The method of variant synthesis of information and communication network structures on the basis of the graph and set-theoretical models

Vadym Mukhin, Yury Romanenkov, Julia Bilokin, Anton Rohovyi, Anna Kharazii, Viktor Kosenko, Nataliia Kosenko, Jun Su

Статья научная

The subject matter of the article is developing information and communication network (ICN) for critical infrastructure systems (CIS). The aim of the work is to provide high-quality information and telecommunication processes by developing the optimal version of distributing CIS functional tasks and ICN processes to the network nodes. The article deals with following problems: developing a model for mapping the information and technical ICN structures, developing a method for variant synthesis of ITS structural models, a formalized representation of the problem of selecting CIS optimal structure. The methods used are: the system method, the set-theoretic and graphic analytic approaches, methods of hierarchic structures synthesis, optimization methods.
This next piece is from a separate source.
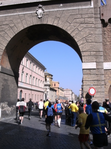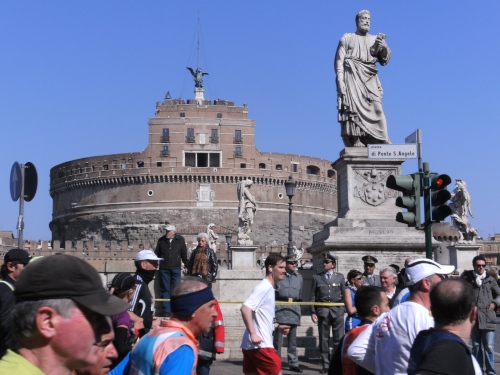Auf abgesperrter Straße bleiben wir am Flussufer und sehen bereits die mächtige Kuppel des Petersdoms. Linker Hand grüßt das Castel Sant’ Angelo mit der Ponte S. Angelo und ihren zehn Engelsstatuen. Über die Ponte Cavour laufen wir erneut über den Tiber. Da der Fluss jedoch recht tief eingeschnitten durch Rom führt sind mit der Brücke keine Höhenmeter verbunden. Weiter geht es über die Piazza Cavour an der Rückseite der mächtigen Engelsburg vorbei. Diese ist über den Passetto, einer Mauer mit einem verdeckten Gang, mit dem Vatikan verbunden. Der Passetto diente den Päpsten zu früheren Zeiten als Fluchtweg in das Castel Sant’ Angelo.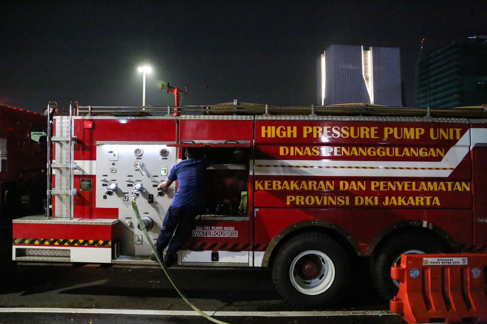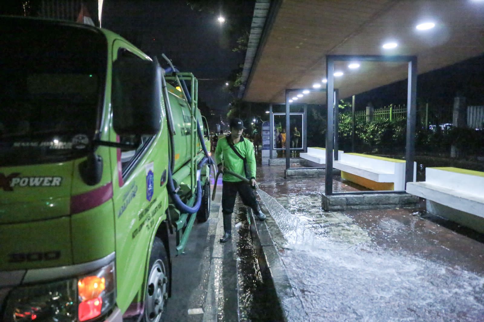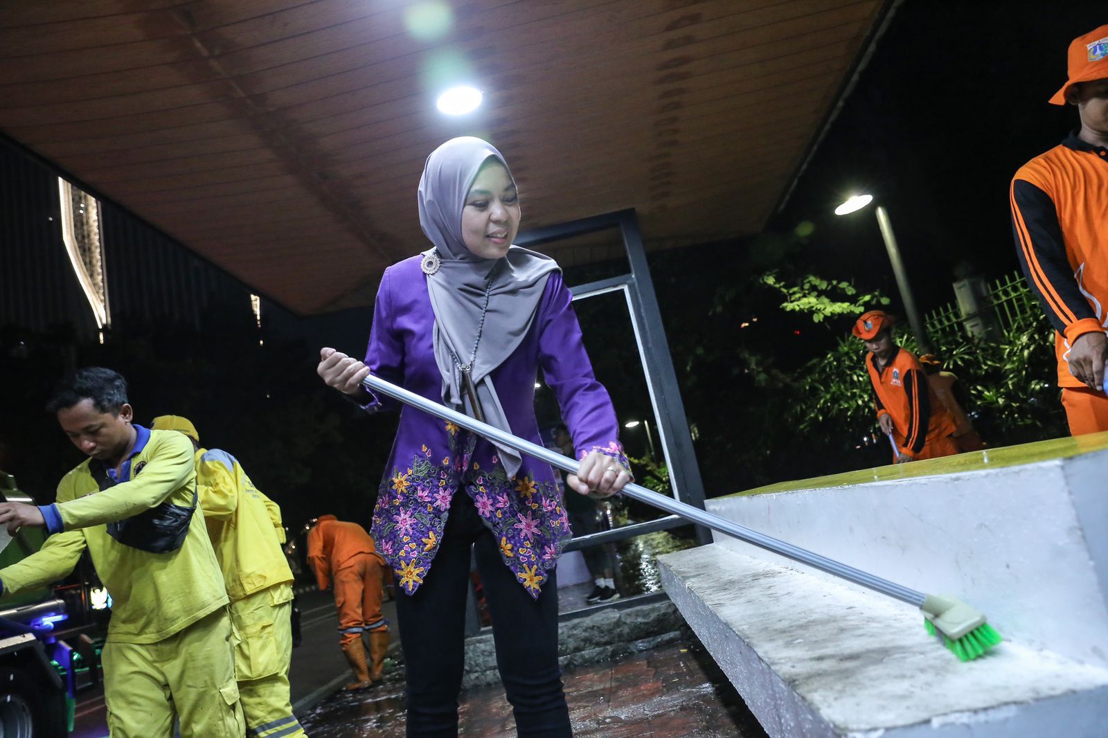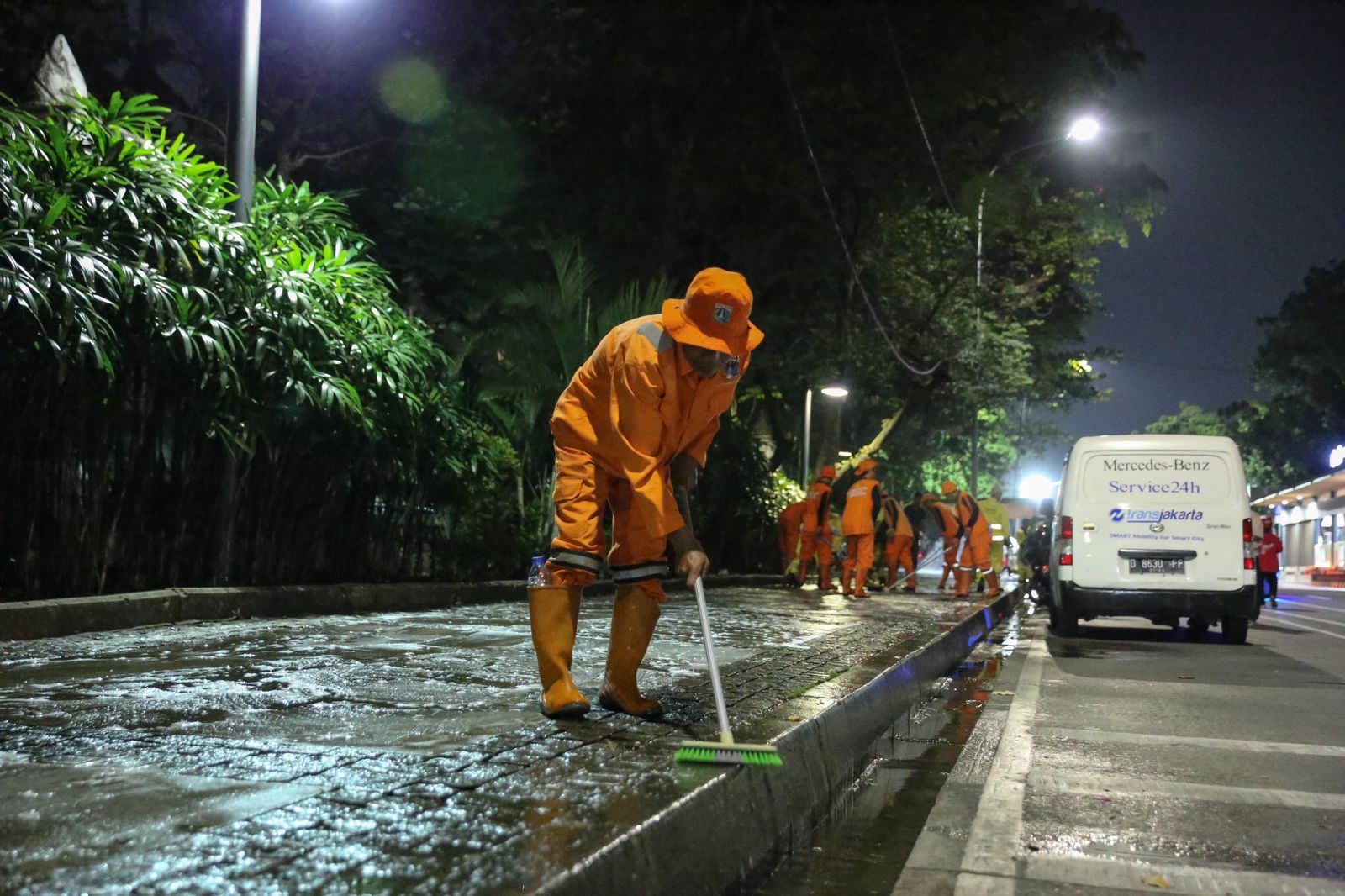 Bersih-bersih sarana dan prasarana umum di Jalan Medan Merdeka

The following results were obtained: the use of system approach for formalizing the information processing process in CIS was justified; mapping the ICS functional system into the information and technical one was presented as multilevel graph chain; the generalized representation of graph structures hierarchy was developed for the set of data transmitting tasks; this approach enabled formal representing alternative variants that consider the main links, sequencing, the amount and flows of the processed information among the different structure levels; the scheme of variant synthesis method of ICN models according to graph structures mapping was developed; the problem of selecting optimal ICN structures was formally presented; a complex efficiency criterion for solving problems of optimizing variant synthesis of structures; the problem of optimal synthesis of the structure of the given level factored in resource constraints was formulated. Conclusions. The article deals with such novelty aspects as improving the model of problem of selecting the optimal ICN structure by set-theoretic formalization factored in the criterion of maximum intensity of computational resource application, which enabled determining structural links among the major elements considering the decomposition of the model up to the basic elements such as "node" and "task" and the development of a new method of optimal ICN structuring which unlike the existing ones involves the variant synthesis of structures hierarchy and formalizing selection problems on the basis of set-theoretic models, which enables providing the efficiency of application of information and technical net resources.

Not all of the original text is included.